Exercise goal: Your answer should hold exactly the lines below from the line with "市民体验模拟滑雪机器。劳动报记者贡俊祺 摄影" through the line with "Home AAA-Brand Replica", both included, and no pictures at all.

Extracted material:
== == ==
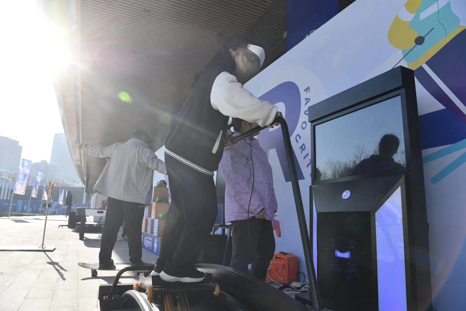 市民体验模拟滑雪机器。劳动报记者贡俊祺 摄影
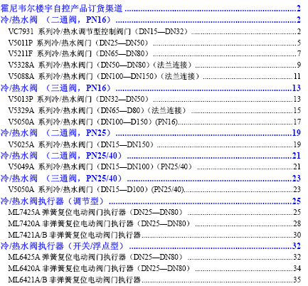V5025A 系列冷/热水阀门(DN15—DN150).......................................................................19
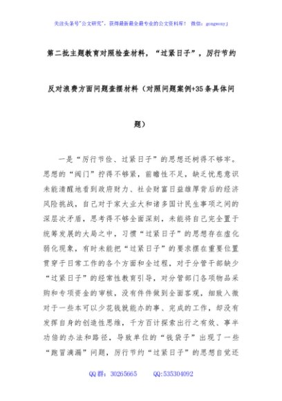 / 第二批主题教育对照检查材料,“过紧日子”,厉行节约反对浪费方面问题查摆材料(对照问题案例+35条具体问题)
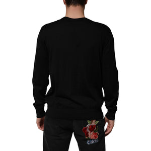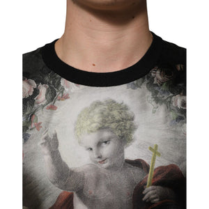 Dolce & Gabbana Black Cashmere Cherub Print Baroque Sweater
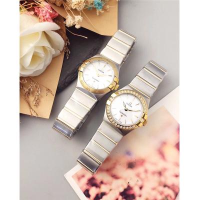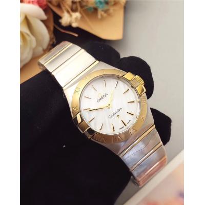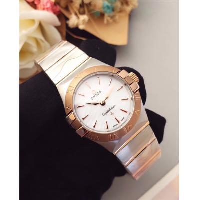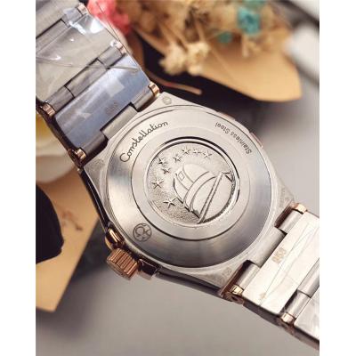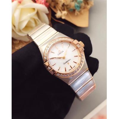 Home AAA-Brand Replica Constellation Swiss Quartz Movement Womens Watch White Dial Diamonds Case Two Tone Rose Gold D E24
== == ==
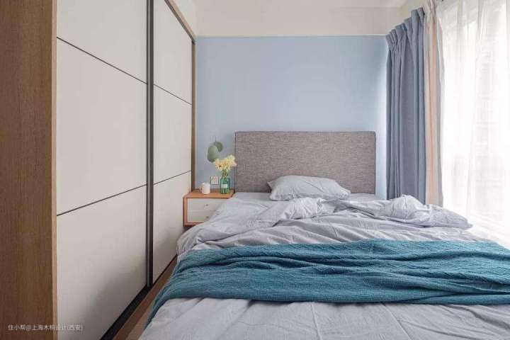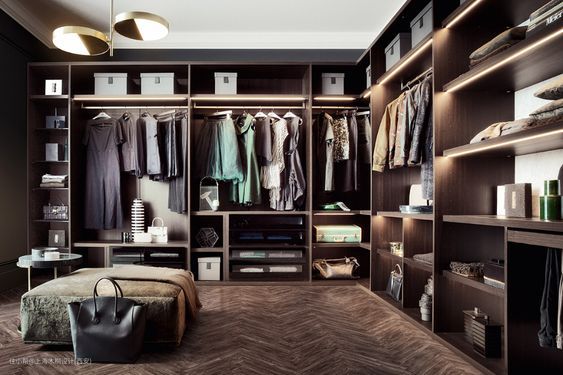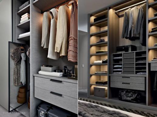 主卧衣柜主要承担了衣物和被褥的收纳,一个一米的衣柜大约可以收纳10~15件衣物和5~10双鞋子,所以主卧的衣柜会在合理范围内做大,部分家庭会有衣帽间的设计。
== == ==
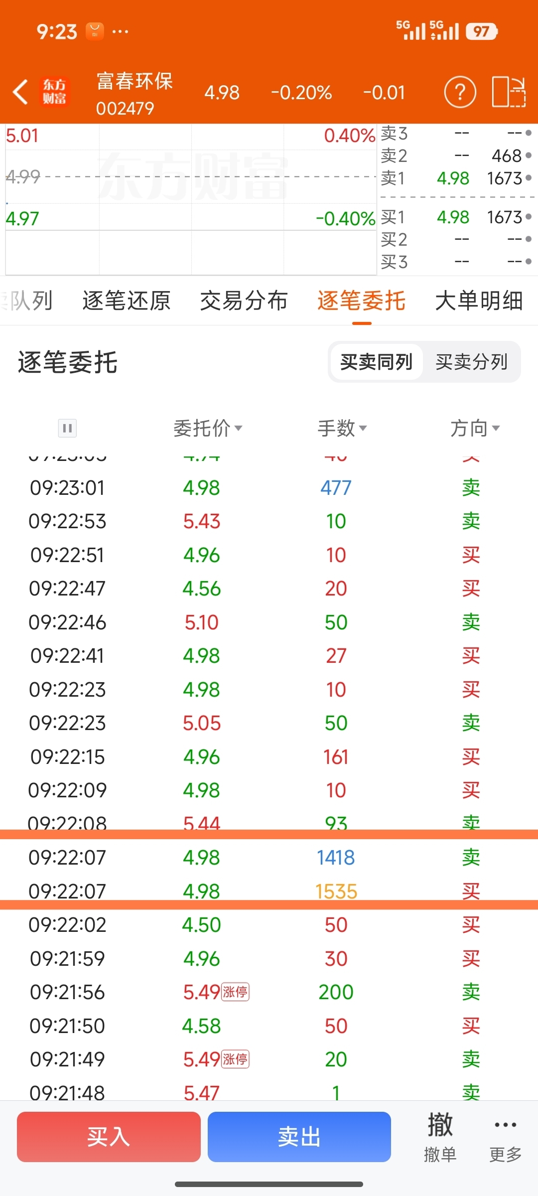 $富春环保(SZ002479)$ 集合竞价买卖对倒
== == ==
Solution to the problem:
 市民体验模拟滑雪机器。劳动报记者贡俊祺 摄影
V5025A 系列冷/热水阀门(DN15—DN150).......................................................................19
 / 第二批主题教育对照检查材料,“过紧日子”,厉行节约反对浪费方面问题查摆材料(对照问题案例+35条具体问题)
 Dolce & Gabbana Black Cashmere Cherub Print Baroque Sweater
 Home AAA-Brand Replica Constellation Swiss Quartz Movement Womens Watch White Dial Diamonds Case Two Tone Rose Gold D E24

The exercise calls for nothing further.